While the economies of emerging nations are breaking out and almost constitute half of the global economy, they are not demanding “a similar lifestyle afforded to Americans.” In fact, the economies of emerging nations are geared to produce for export, not internal consumption. Western style consumption is actually antithetical to emerging countries’ cultures. Conversely, developed nation consumers are maxed out because of too much debt. It is this lack of global aggregate demand, resulting from too much debt in parts of the global economy and not enough in others, that is the essence of the problem and the reason treasuries continue to rally.
While Germany’s economy may be experiencing an uptick, it shouldn’t be a surprise. Germany has the least amount of debt, and historically, the strongest economy in the eurozone. Unfortunately, the rest of Europe is still in the midst of a deflationary drag, and there are serious questions about the very makeup of the eurozone, and the financial stability of its banking system. Therefore, in Europe we’re unlikely to see any signs of inflation over the next few years.
Japan faces similar problems as the U.S., however their problems pre-date ours, and their susceptibility to inflationary concerns lags behind ours.
Will the bond rally last forever? Of course not. Is it ending anytime soon...doubtful. Inflation is a lagging indicator of the economic cycle; it takes a while for inflation to turn in either direction, either up or down. It’s not uncommon for inflation to ramp up a year or so after the economy recovers, and I don’t think you will see that happening till the latter part of 2011.

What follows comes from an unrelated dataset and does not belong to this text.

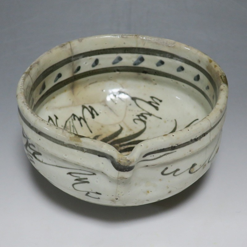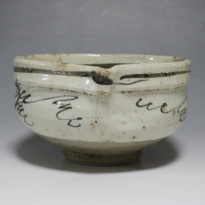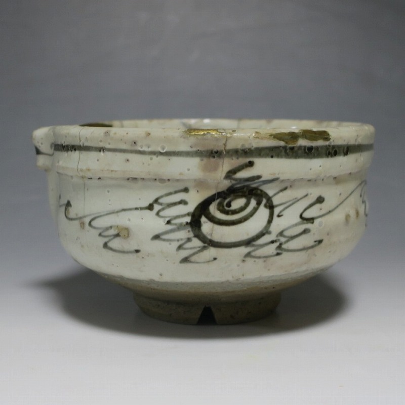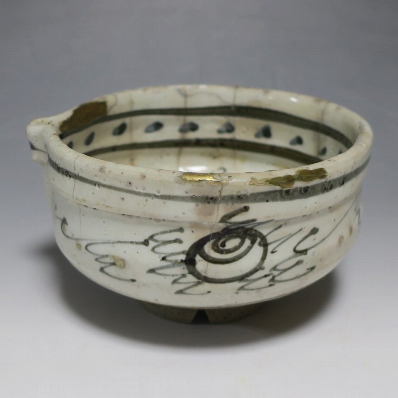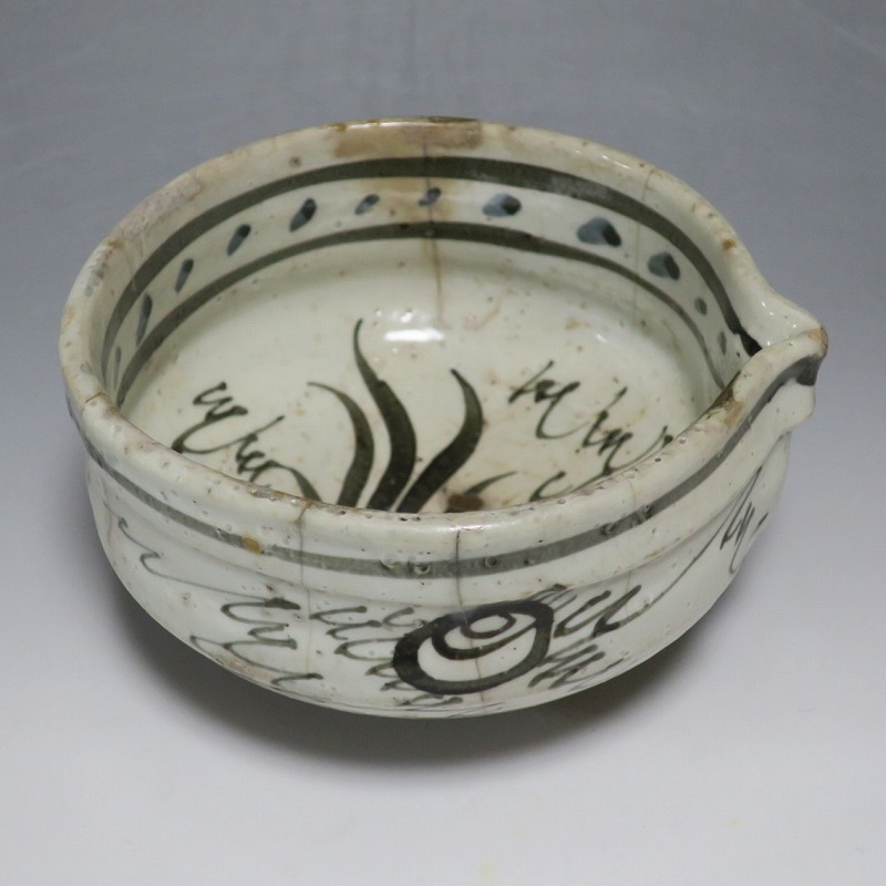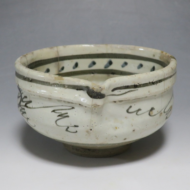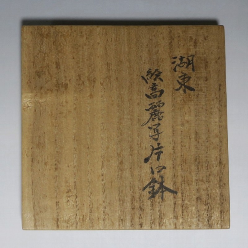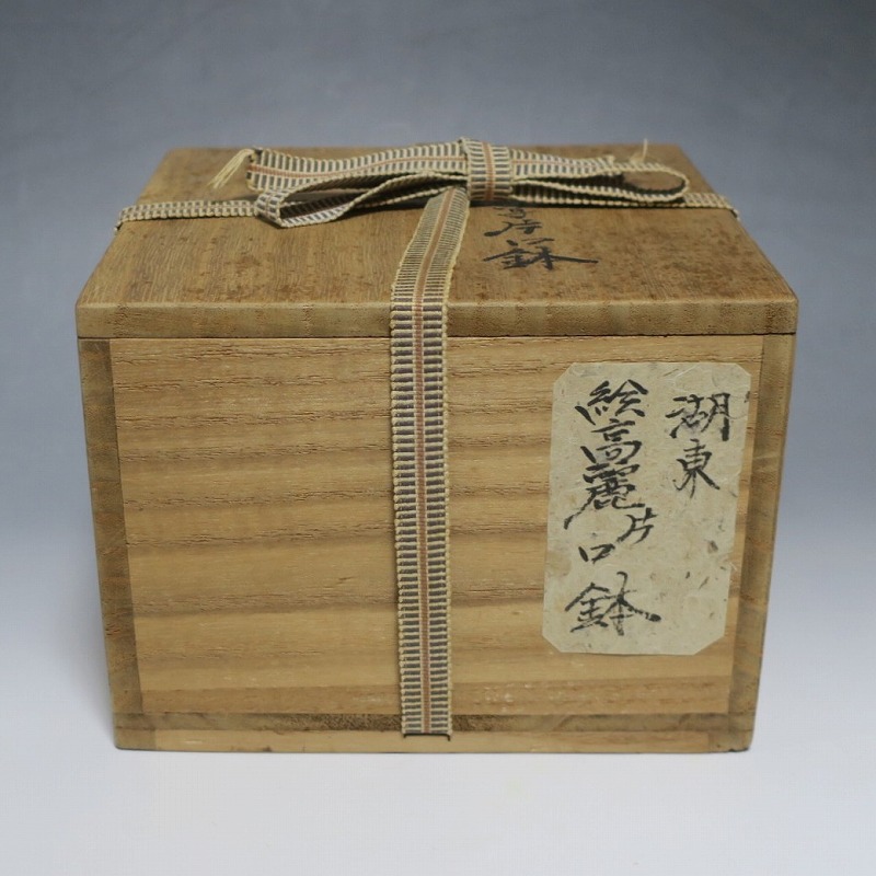 (江戸時代後期 19世紀中頃) 商品番号 4160 口径 約14.5〜15.6cm/高さ 約8.6cm/高台径 約6.5cm 口辺に1〜3.5の直しが8カ所、複数のニュウ、見込みの目跡や窯傷に直しがあります。状態は写真でご確認ください。 湖東焼は1829年(文政12年)、彦根城下に開かれた窯です。当初は事業も苦難続きでしたが、彦根藩の庇護を受け、秀作を生産するようになり、井伊直弼の時代に最高期を迎えます。 本品は19世紀中頃に作られた鉄絵鳳凰文の片口の鉢。高台近くに「湖東」の印が入っています。湖東焼は磁器が有名ですが、本品は磁器製作をする以前に作られた作品です。磁器作品に比べると陶器作品は市場に出てきません。出会うことの少ない貴重品です。料理を盛って時代の雰囲気を味わうことができるでしょう。 | ||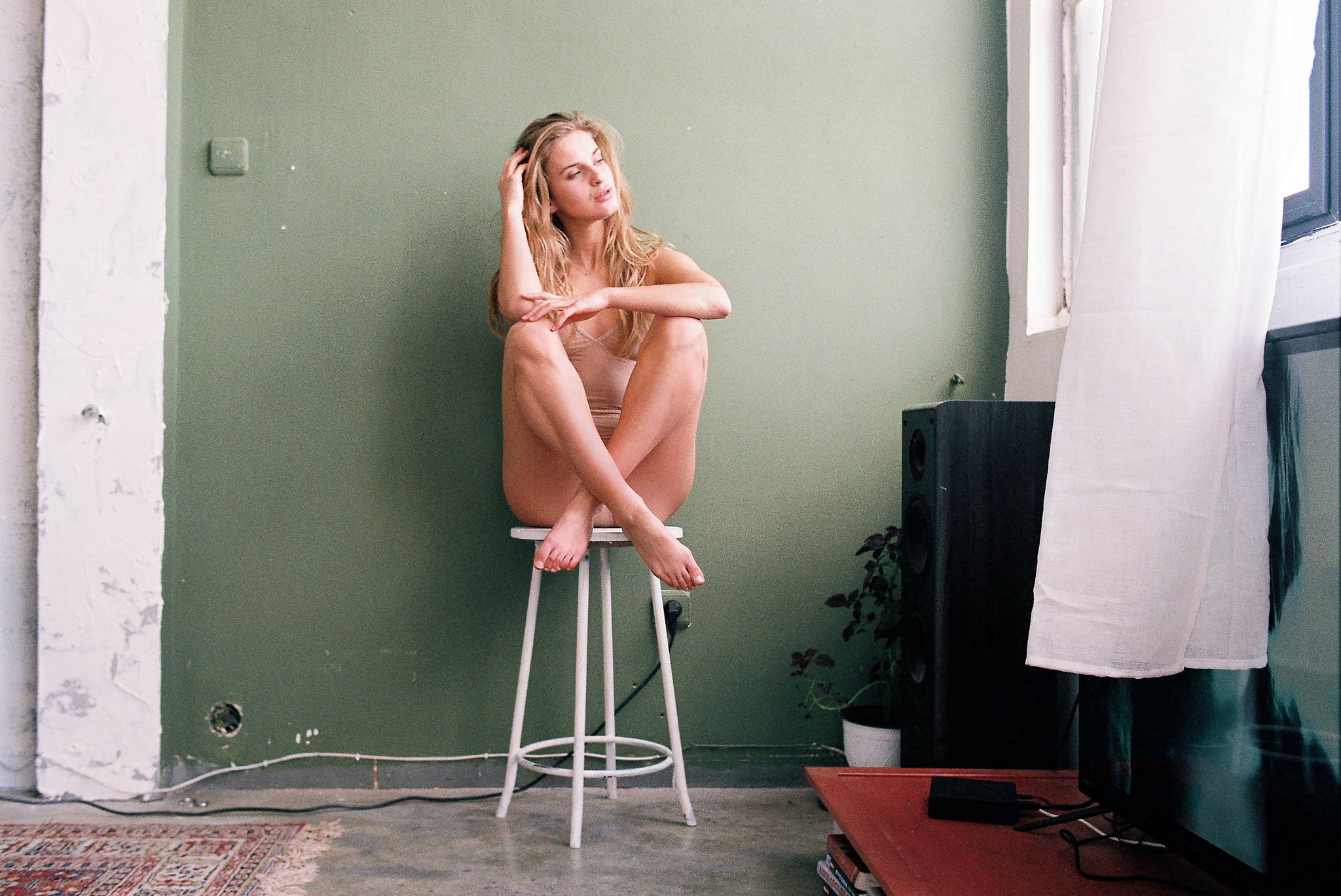 Erik, there is something quietly honest about how the light catches her form against that green wall. It feels less like a pose and more like a moment of stillness.

When the bond rally does come to an end, will it be because of one of the reasons you enumerated? (“ inflation do to external pressures, an improving domestic economy or investors demanding higher yields for greater risk” ) Most likely it will be a combination of factors that first brings about inflationary concerns, and the first reason you mentioned may be part of the problem. Higher prices for the goods that the developed economies import from emerging countries could either cause in part or exacerbate existing inflation. Higher wage demands from emerging country workers, combined with devalued currencies of developed countries would lead to higher commodity prices. In fact, we are experiencing higher commodity and crude oil prices, and a weakened dollar currently.
Demand based inflation due to economic growth may be exacerbated by capacity constraints as economies start to recover, leading to the possibility of higher inflation. However, the “new normal” appears to be a reality. Slow growth in the developed world, insufficiently high levels of consumption in the emerging world, and seemingly inexplicable low total returns on investment portfolios, bonds and stocks. For now, there is plenty of excess capacity and the money supply is still shrinking. Even if money supply were to begin to grow, it would take a year or two until it’s inflationary effects were felt on the economy, so I don’t think you will see demand based inflation, from an improving economy for a while.
In a risk adverse environment, yield loses importance, and safety and liquidity become a paramount priority. We are seeing that currently. Historically low yields, yet they are still buying treasuries, (and corporate debt for the yield) because of their perceived safety. Investors are content to buy short dated maturities, and are not venturing out the curve in search of higher yields.Demanding a higher a yield for investments does not cause inflation, inflation cause investors to seek higher yields, in search of real returns. ,
More likely, the cause of the next bout of inflation will be caused by the actions of central banks or governments and then exacerbated by higher commodity prices, and supply demand imbalance due to capacity destruction. Central banks may be too late in reigning in extraordinary accommodation or may even feel that another QE is necessary. Finally, some governments will be tempted to use inflation as a solution to fiscal deficits during an era of low real growth. If a country doesn't see an easy way to grow out of its budget deficit, it could adopt inflationary policies such as debt monetization or currency devaluation as ways to solve its budgetary problems.
Your analysis of the bond market makes about as much sense as your interpretation of the employment data, and it's bullish connection with CYRX. Bonds are going substantially higher and not coming down anytime soon. Cyrx is another story, altogether.
No matter how you slice it, non-farm payroll declined by 131,000 in July. Friday’s news also included unfavorable revisions to data released in previous months. Plain and simple, Friday’s employment report was disappointing. The most significant concern is the duration of the high rate of unemployment. Just like a security builds value the longer it trades at a particular price, the longer the unemployment rate stays at these elevated levels, the harder it will become to overcome it’s current state of inertia.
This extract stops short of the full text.